The devastation isn't about race, either: Though the Lower Ninth Ward, a largely low-income African-American neighborhood, was a favorite among the national press, every other area that wasn't on "high ground" got devastated as well. Pick any subgroup: White yuppies? Immigrant Asians? Wealthy blacks? Their former neighborhoods are now piles of rubble and mud, too.
With hurricanes Katrina and Rita, Mother Nature wiped out or critically damaged 45 percent of Louisiana's housing. As the president might say: "Forty-five percent is a lot."

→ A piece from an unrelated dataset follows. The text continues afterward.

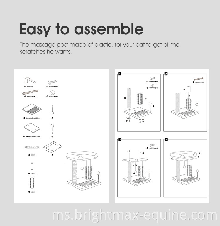 19 "Tinggi Kucing Pendek Tree Cat Perch Scratcher dengan Berus Plastik

At the same time -- and this is so pathetic that it makes you want to weep -- those residents who have returned to New Orleans are agonizing over the question of how best to project the city's image to strike a balance between begging mode (and declaring, quite rightly, that the city is a disaster area) and presenting their city as a place that's worth coming back to, investing in and visiting....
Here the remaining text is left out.